REFLECTIONS OF OUR FOUNDER

MAHLON MONTGOMERY LEWIS

BY: Frederica Jones

            Once in a while, over the span of one’s life, there is an encounter with someone extraordinary, who leaves their stamp on every life touched. Fifty-nine years ago such a man, who through his work left an indelible legacy, founded Greater Saint Matthew Independent Church.

This man, Mahlon M. Lewis, was multi-talented, dedicated, visionary, motivated by his faith in a Supreme Being, who can make all things possible. Our congregation is blessed to be able to rejoice in fifty-nine years of accomplishment, twenty-five of those led by a “Soldier of the Cross”, who went to his reward, leaving many of his stalwart cohorts to continue their labor in his vineyard.

Young Mahlon was one of twenty children born to Charles and Mary Lewis. Spending his early childhood on his parents spacious farm in the mountains of West Virginia, Mahlon’s character was molded in the image of those mountains he loved so much… strong and imposing. Although he was not adverse to hard work, a perfectionist father made the youngster chafe at his restricted life.

At the age of thirteen, Mahlon Lewis left home, never to return on a permanent basis. Is it any wonder, then, that at the age of nineteen, M.M. Lewis was ordained a minister under the African Methodist Episcopal banner ?

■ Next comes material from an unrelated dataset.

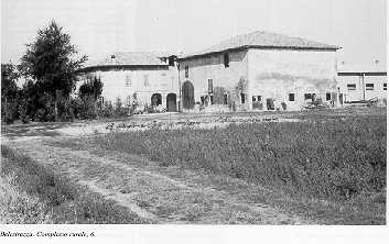 6 Mappa del territorio BALESTRAZZA alt. m. - IGM F 74 II NO Notevole complesso rurale ad elementi separti. Il rustico sviluppa una pianta quadrangolare con coperto a quattro falde ed ampio portale di accesso archivoltato in angolo al prospetto di meriggio. Il civile evidenzia un volume ad ampia pianta quadrangolare articolata su due livelli con copertura a quattro falde. Il prospetto frontale evidenzia un portico a luci archivoltate ed una sopraelevazione centrale ad abbaino. Le luci sono regolari e simmetricamente distribuite. | ![]() |

To whatever assignment given him, Rev. Lewis brought untiring energy, vision and dedication. Many of his charges were in sad disrepair, requiring all his skills for restoration of physical plants and congregations to a state where the work of God could go forth.

Six times he demolished deteriorating structured and erected magnificent edifices in West Virginia and Ohio. Thus, he was able to activate congregations, communities, local heads of government, and all he contacted in his efforts to establish sanctuaries for worship.

Eastward journeying brought him to Bethel, Ardmore, where he led the rebuilding of yet another dilapidated structure. Thus, his reputation as a builder, preceded him to St. Matthew A.M.E. in Philadelphia, Mahlon M. Lewis’ next assignment.

Donning overalls and hip boots, Rev. Lewis applied his architectural skills, construction expertise and network of  friends, in building supplies, to the task of  completely rebuilding another church.

For this tremendous accomplishment, in 1949, Actor James Stewart presented this outstanding pastor with the “Wonderful Life” award, on behalf of the Philadelphia Inquirer.

However, in May 1949, after eight successful years at St. Matthew A.M.E., the Episcopacy of that time transferred this servant of God. Rev. Lewis’ assignment was to yet another small dilapidated  church needing restoration. In spite of Rev. Lewis’ objections and opposition by the majority, the hierarchy of the connection turned a deaf ear to appeals for reconsideration.

Without fanfare, or an appeal to anyone to follow him, Rev. Lewis left the church connection to which he had given so many years of his life. He stated that he would proclaim the Word of God from street corners, if necessary. Nonetheless, when he made his move, faithful followers took up the cross without hesitation.

On the afternoon of May 29, 1949, Rev. M.M. Lewis, with five hundred faithful followers, met at Jehovah Jireh Baptist Church, located at 48th  Street and Haverford Avenue. Their purpose was to establish an Independent Church, based on democratic principles, to be administered by the founding pastor and members.

The founding pastor advanced the concept of an Independent Church which would adhere to the general theories of Methodism. The open door extended to all Christians, regardless of denomination. Greater Saint Matthew Independent Church was the name chosen to differentiate this church.

Due to the hospitality, support and friendship of the Reverend Henry Philpot, Pastor of Jehovah Jireh, the church flourished. Beginning with the total assets of three hundred, fifty-five dollars, by  November  of the same year, more than ten thousand dollars was raised. The membership increased to over one thousand.

Meanwhile, Pastor and members looked for a suitable site for a new church home. Finally, the church property known as the Epworth Methodist Church was selected. Buildings and grounds were appraised at a value of $47,5000. Difficult negotiations ensued with the Methodist Mission Board. A price of $25,000 was the agreed upon purchase price and $5,000 was deposited to bind the transaction.